Opinion / How Miky Lee backed the making of Bong Joon-ho’s Oscar-winning Parasite – and gave South Korea’s chaebols an image boost

Mi-kyung, the Samsung founder’s granddaughter, threw her power and influence behind Bong Joon-ho’s project, and gave him the freedom to create his award-winning film
In the outpouring of praise for the South Korean blockbuster Parasite after its dazzling success at the Academy Awards ceremony in Hollywood, one side of the production was largely ignored: the film had the enthusiastic backing of an heiress to one of Korea’s biggest commercial dynasties.
The fact that Lee Mi-kyung, widely known as Miky, vice chairwoman of the CJ Group and in charge of its entertainment division, threw her power and influence behind this project is a remarkable reflection on two aspects of an incredible undertaking.
Miky was born to riches but left unspoilt by the fortune that was hers as the granddaughter of Lee Byung-chul, the Samsung founder, who probably never envisioned any of his sprawling holdings morphing into mass culture on stage and screen.
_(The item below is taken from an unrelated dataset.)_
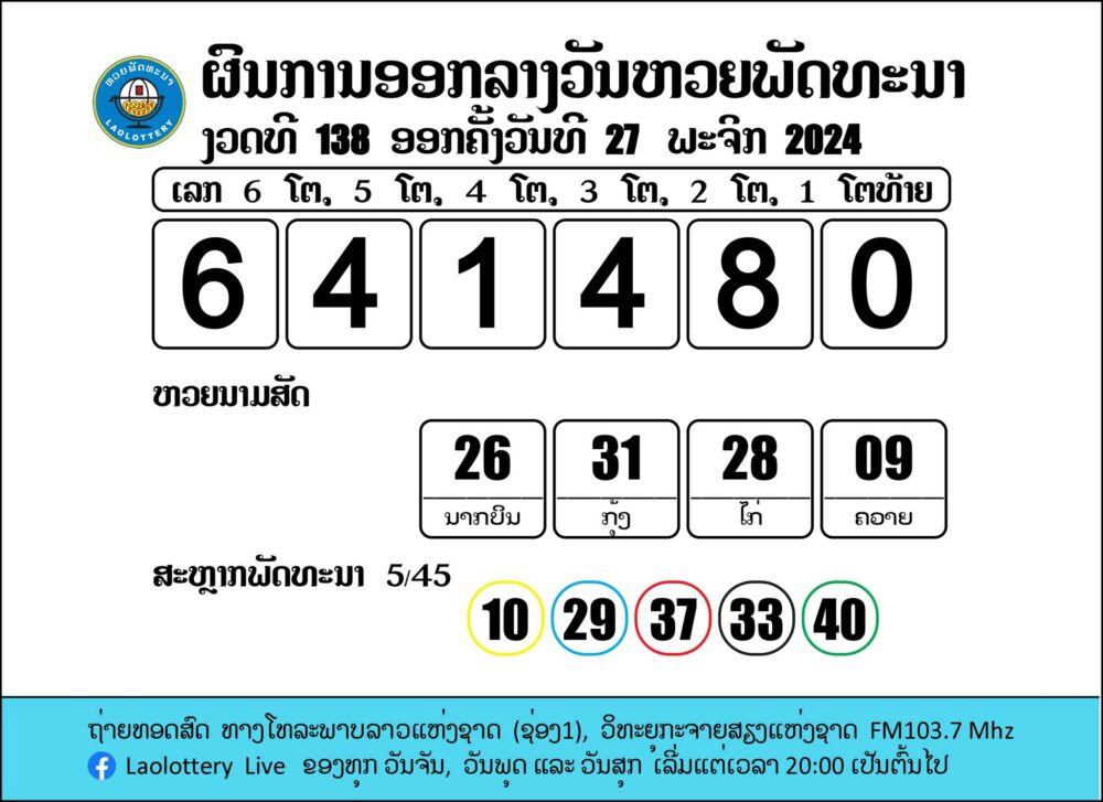 ຖ່າຍທອດສົດການອອກເລກລາງວັນຫວຍພັດທະນາ 27/11/2024

The effervescent Miky, if she was going to invest in popular movies, might have been expected to prefer propaganda epics venerating great moments in Korean history or the lives and loves of Koreans in a dynamic, high-powered society. Violence is often a characteristic of such films, directed at audiences that revel in sometimes balletic deeds of derring-do; but critical bludgeoning of the established order, of the moneyed elite, is rare.
There is violence aplenty in Parasite, all to illuminate the biting social satire that claws into the very society that Miky might have chosen to uphold. No way, however, was she bound by her wealth and upbringing to throw her fortune behind a work that might in the end defend the status quo.
At the apex of a long career dedicated to building CJ into South Korea’s biggest entertainment complex, she was totally behind Bong Joon-ho, the brilliant director who picked up two individual awards, the first, with Han Jin-won, for best original screenplay, the second as best director. Those trophies were the prelude to the two top prizes, best international film and, the climatic finale to the four-hour programme, best film, period.
There is also another lesson here. Easy though it is to criticise the system in which South Korea’s great conglomerates, or chaebol, led by Samsung, Hyundai, SK and LG, dominate the economy, it’s hard to deny they also have the potential for encouraging, financing and defending the artistic freedom needed for a free, democratic society to thrive. It’s extremely difficult for directors to create and produce without the support of the likes of Miky Lee.
Bong is the most obvious example, in the starry aftermath of his triumph at the Academy Awards, of directors, artists and authors who’ve survived in this environment. There are no doubt innumerable instances in which creative figures and forces have been frustrated, inhibited, maybe repressed, but Bong’s success shows that it’s possible to innovate and create works that are mordantly critical of the system in which they exist.